The verdict splits in the pilot and the main study showed a large disparity: for failure to provide the necessaries of life, 64.7% of pilot participants and 20.7% of main study participants voted guilty; for criminal negligence, the conviction rate was 67.6% and 25.3% for pilot and main study participants, respectively. This may suggest a discrepancy between how undergraduate students and the general Canadian population interpret criminal trials, evidence, and the legal standard of guilt. As discussed by Sivasubramaniam et al. (2020), student samples have previously been found to provide verdicts that are more lenient (e.g. Berman & Cutler, 1996) or more punitive (e.g. Neuschatz et al., 2008) than community samples. In combination with the current study, this indicates potential problems with generalisability when students are used to replace community samples. Although a meta-analysis of mock juror research by (Bornstein et al., 2017) found student and non-student samples provide similar dichotomous verdicts, jury researchers have previously voiced concerns about student samples. For example, Lieberman et al. (2016) found jury researchers perceived actual venire members and community members to be equally highly acceptable as samples, and students less acceptable” (p. 109-110).
Other Interesting Tidbits for Researchers and Clinicians
“These findings are subject to some important limitations. The gender and Indigeneity adjective checklists did not function as we expected and to account for this, we used a single defendant impressions scale rather than a gender stereotype scale and an Indigeneity stereotype scale.

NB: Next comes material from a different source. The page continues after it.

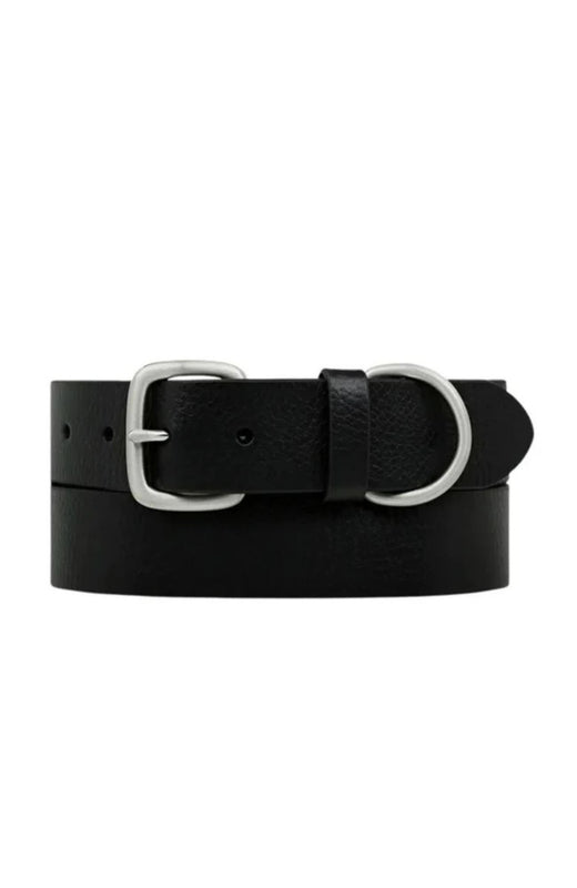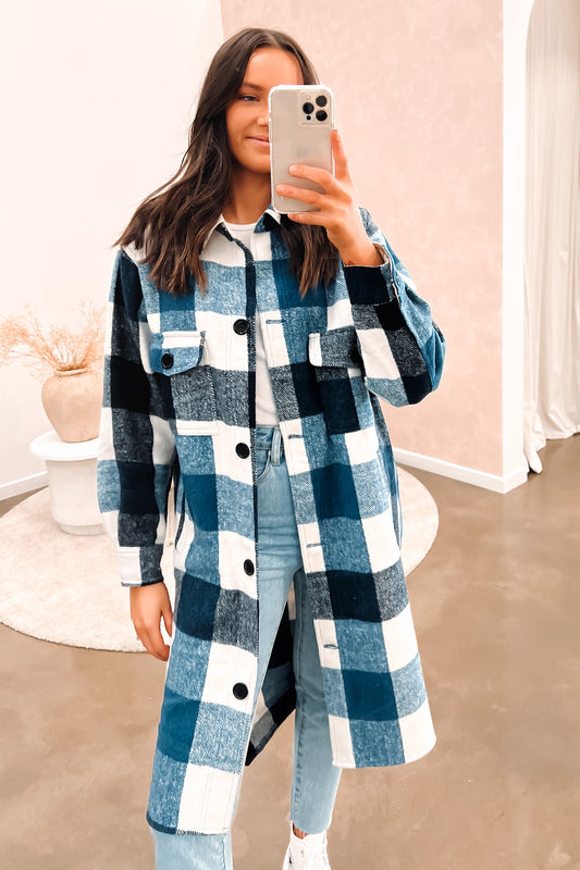 Look 2 - The Indi Shacket Blue Check with the Jordyn Rib Long Sleeve White, the Hi Wide Leg Jean Vintage Black with the Club C Double Revenge Shoe White Pure Grey 2 and the Disarm Belt Black Silver.

Ecological validity is limited by our use of individual verdicts, given that jurors in real-life cases have group deliberations and come to a unanimous decision; previous research has demonstrated that group deliberation may exacerbate (Lynch & Haney, 2011) or ameliorate (Sommers, 2006) defendant race effects. Participants were aware this mock trial lacked consequentiality, i.e. they knew their decisions did not have consequences for a real-life case or defendant. It is unclear what effect, if any, this may have had on mock jurors; literature on consequentiality is limited and shows mixed findings (Bornstein & McCabe, 2005). This study used a trial transcript instead of a more realistic presentation, such as a videotaped trial. However, previous studies suggest mock jurors are unlikely to be affected by different trial modalities (Bornstein, 1999), including their judgments of guilt (Pezdek et al., 2010) and their memories of trial information (Pritchard & Keenan, 1999).
Ecological validity was supported by adapting an actual court case and recruiting Canadian adults from the general population. Overall, our study used modalities that jury researchers find to be acceptable or even necessary: a community sample, a written transcript, dichotomous guilty/not guilty verdicts (highly acceptable); and cross-examinations of witnesses, opening and closing statements, and jury instructions (necessary; Lieberman et al., 2016).
Administering the study online may have affected data quality, given the inability to control participants’ environments or ensure they paid full attention (Advisory Group on Conducting Research on the Internet, 2002). This was mitigated by using attention, memory, and manipulation checks to ensure the final sample paid attention to the survey” (p. 110).